Sesampainya di ruangan, Sasuke duduk di meja kerjanya, lalu merapikan dasinya. Tak lama kemudian, telpon kantor di ruangannya berbunyi. Sasuke langsung mengangkatnya.

"Maaf menganggu waktunya Sasuke-sama, ada yang ingin bertemu dengan Anda atas nama Hyuuga Hinata."

"Suruh dia masuk ke ruangan saya."

"Baik Sasuke-sama."

Beberapa menit kemudian, Hinata masuk ke ruangan Sasuke dengan wajah cerianya.

"Sepertinya ada kabar baik." Komentar Sasuke melihat wajah ceria Hinata.

Hinata mengangguk cepat, lalu duduk di sofa yang tak jauh dari meja kerja Sasuke. "Benar! Kabar baik untukku dan untukmu juga."

"Baiklah. Sekarang bisa kau jelaskan apa yang terjadi padamu dan kabar baik itu?"

Hinata mengangguk. "Tadi malam sebelum kau menjemputku itu, aku sedang bertengkar dengan adikku dan Neji-nii karena masalah saham itu. Mereka tidak setuju tentang penawaran saham yang kuberikan padamu. Lalu, tanpa sepengetahuanku, ternyata Neji-nii membeli saham," Hinata tersenyum lebar, lalu kembali melanjutkan, "Neji-nii membeli saham atas namaku! Jadi, kabar baik untukku adalah aku berhasil mendapatkan saham yang kubutuhkan itu!"

Sasuke terdiam.

"Kabar baik untukmu adalah kau tidak perlu menikahiku! Kau sudah bebas dariku, Sasuke-kun. Kau senang, kan?"

Sasuke masih terdiam. Ia tidak tahu berkata apa.

Hinata mendecak kesal. "Respon macam apa itu, Sasuke-kun? Kau tak perlu menyembunyikan rasa senangmu. Aku tahu aku memang sangat mengganggumu."

Sasuke mengangguk. "Tentu saja aku senang karena aku sudah bisa kembali ke kehidupanku seperti semula."

Hinata menghela napas. "Jadi, mungkin hari ini terakhir kalinya aku berbicara informal padamu dan memanggilmu dengan 'Sasuke-kun'. Aku anggap kesepakatan kita sudah berakhir. Terkait dengan bibi Mikoto, aku akan menyelesaikannya." 

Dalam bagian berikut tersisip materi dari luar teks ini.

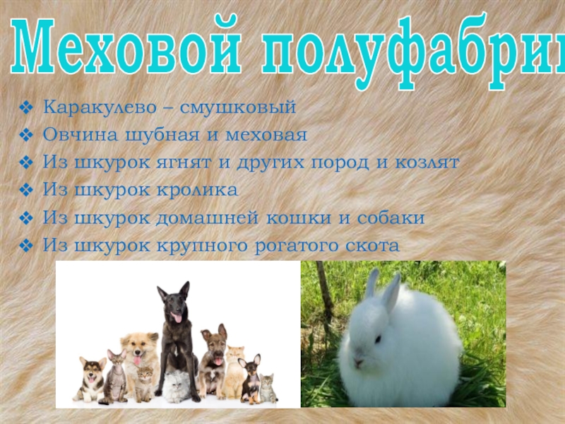 Меховой полуфабрикатКаракулево – смушковыйОвчина шубная и меховаяИз шкурок ягнят и других пород и козлятИз шкурок кроликаИз шкурок

Sasuke mengangguk pelan tanpa mengeluarkan kata-kata.

"Oh iya! Aku juga meminta izin padamu untuk ke apartemenmu. Aku ingin mengambil barang-barangku."

"Dari dulu kau memang masuk tanpa meminta izin dariku. Kenapa baru sekarang meminta izin?"

Hinata terkekeh pelan. "Maaf. Aku memang agak gila waktu itu. Tapi, sekarang kondisinya sudah berbeda."